Catalase (CAT), peroxidase (POD), and superoxide dismutase (SOD) activities were measured according to the manufacturer’s instructions (Nanjing Mofan Biotechnology Co., Ltd., Nanjing, China). Briefly, 0.1 g of leaves from two-month-old plants was ground into fine powder. The powder was added to a 1 mL extract, and then, extracted for 3–5 min in an ice bath using a tissue crusher. The extracted solution was centrifuged at 8000× g for 10 min at 4 °C, and the supernatant was collected. The absorbance was measured at 405, 470, and 560 nm for CAT, POD, and SOD, respectively, using a SpectraMax 190 full-wavelength microplate reader (Molecular Devices, Sunnyvale, CA, USA) [73].

4.12. Measurement of Malondialdehyde Content

Malondialdehyde (MDA) concentration was measured using the thiobarbituric acid method, with minor modifications [74]. Leaves (0.2 g) from two-month-old plants were homogenized with 3 mL of 10% thiobarbituric acid at 4 °C. The supernatant was collected after centrifugation at 8000× g for 10 min at 4 °C. Equal volumes of the supernatant and 0.6% thiobarbituric acid were mixed. The obtained mixture was reacted in a boiling water bath for 20 min, and then, cooled down immediately. The cooled mixture was centrifuged at 4000 rpm for 10 min, and the supernatant was collected. The light absorbance (A) of the supernatant was measured at 450, 532, and 600 nm using an MD SpectraMax 190 full-wavelength microplate reader [75]. MDA content (nmol/g) = MDA concentration × volume of extracted liquid (mL)/fresh weight (g).
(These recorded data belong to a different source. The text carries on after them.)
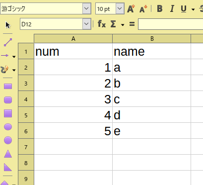 先ず、データのサンプルをA1-B6に配置しました。lp()はCalcの表のデータをやりとりする関数です。headers=Trueでヘッダー部の読み込みをします。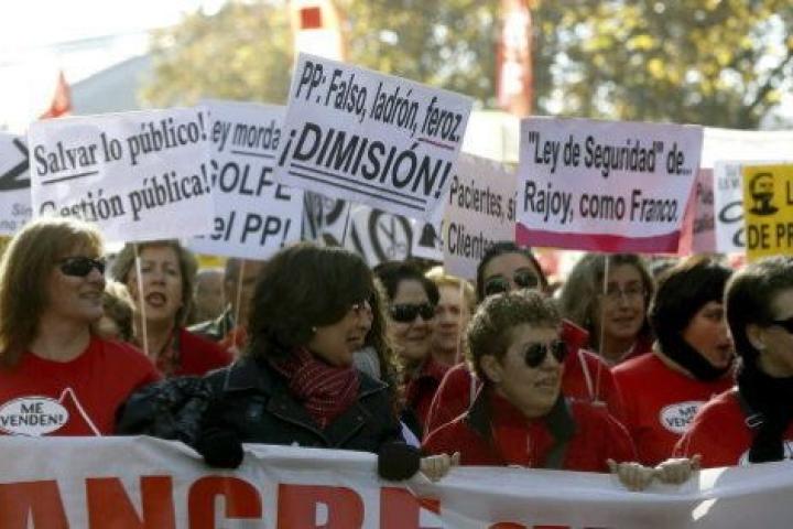 Los manifestantes corean consignas en contra de la privatización de los servicios públicos y lemas como "Rajoy y Cospedal, a Soto del Real", "Corriendo, corriendo, que llega Lasquetty" o "Sin educación no hay ciencia, sin ciencia no hay Sanidad."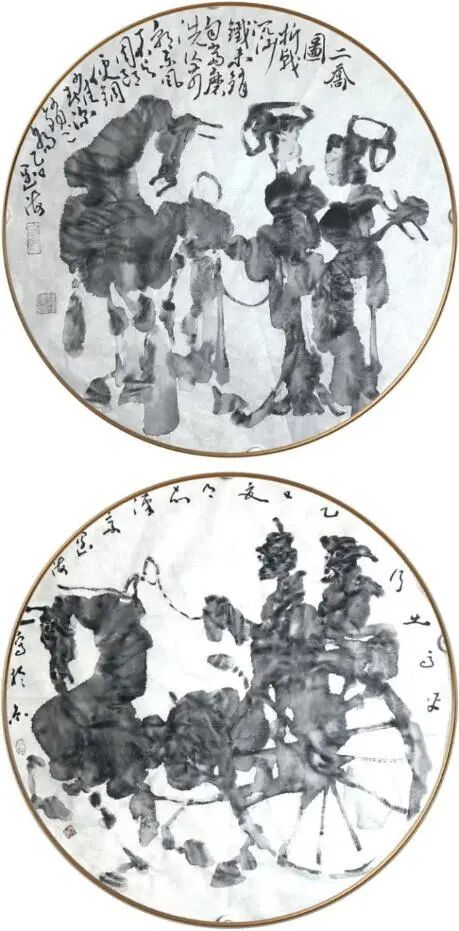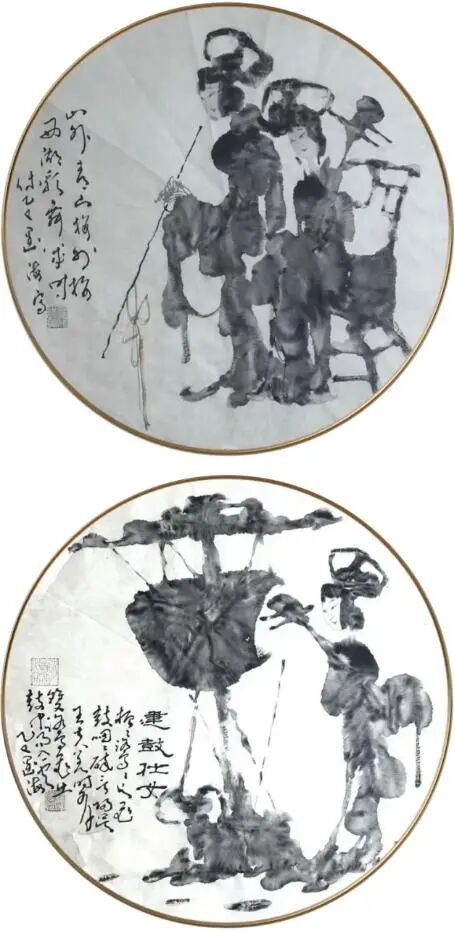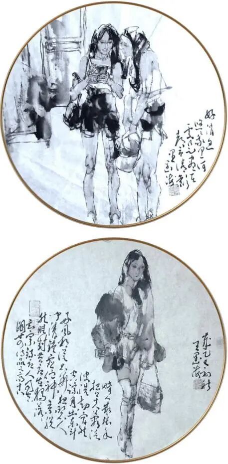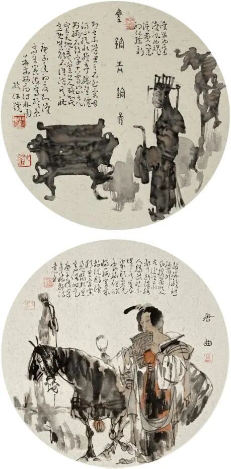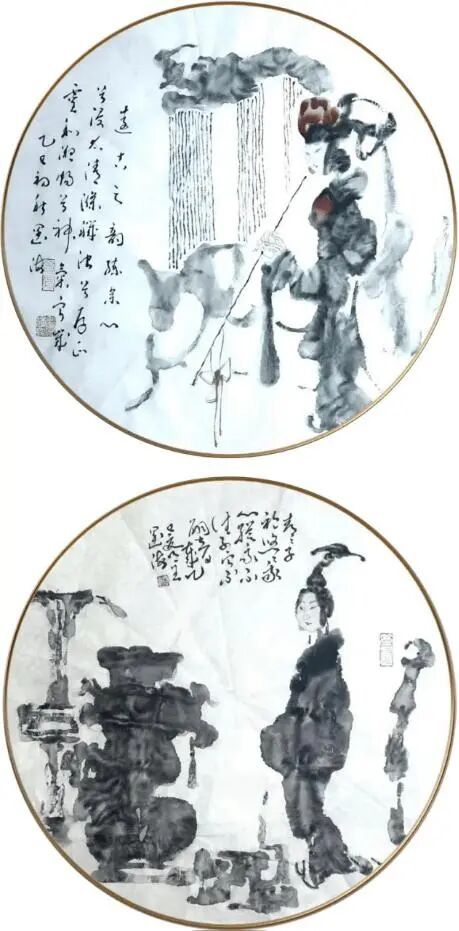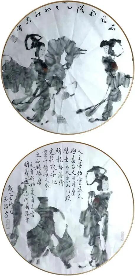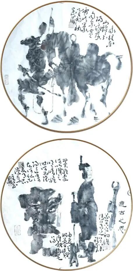根深者叶茂,泉浚者流长。王阔海之新汉画乃广取博采、自铸伟辞之戛戛独造也。庄子云:“水之积也无厚,其负大舟也无力。”(《庄子·逍遥游》)袁枚云:“文尊韩,诗尊杜,犹登山者必上泰山,泛水者必朝东海也。然使空抱东海泰山,而此外不知有天台武夷之奇,潇湘镜湖之胜,则亦泰山上之一樵夫,海船上之一舵工而已矣。学者当以博览为工。”(《随园诗话》)王阔海之创作,广取博览,由博返约,守正创新,独辟蹊径。顾恺之云:“凡画,人最难,次山水,次狗马。”人物之难,难在传神;传神之难,难在简约。王阔海之创作,造像典型,笔墨精简,传神自然,技法、诗意、哲思有机统一。

4.13. Transcriptome Analysis

The 1st, 5th, and 10th leaf positions and the young stems samples used for genome-wide transcriptome sequencing in the WT and STO-OE plants were harvested, and then, quickly frozen in liquid nitrogen. A TRIzol reagent kit (Invitrogen, Carlsbad, CA, USA) was used to extract the total RNA from the samples, and an RNase-Free DNaseSet (Qiagen China, Shanghai, China) was used to purify the RNA. To detect the integrity of the RNA, we performed agarose gel electrophoresis, and a NanoDrop 2000 biological analyzer (Thermo Fisher Scientific Inc., Wilmington, DE, USA) was used to detect the concentration of RNA. High-quality RNA was used for subsequent sequencing. Transcriptome sequencing of the samples was performed by Nuohezhiyuan Technology Co., Ltd. (Beijing, China). Then, the FPKM of each gene was calculated based on the length of the gene and the read counts mapped to this gene. The DESeq R package was used for differential gene expression analysis [76]. Genes for which an adjusted p-value ≤ 0.05 was found by DESeq were assigned as differentially expressed. Information on gene annotation was acquired from the NCBI (http://www.ncbi.nlm.nih.gov/), JGI (http://jgi.doe.gov/), PopGenie (http://popgenie.org/), Tair (http://www.arabidopsis.org/), and KEGG (http://www.kegg.jp/) databases.

4.14. Statistical Analyses

SPSS software (IBM Corp., Armonk, NY, USA) was used to perform the statistical analyses, and the data are represented as the mean ± SD. The Student’s t-test and one-way ANOVA were used to determine variance among the mean values [77].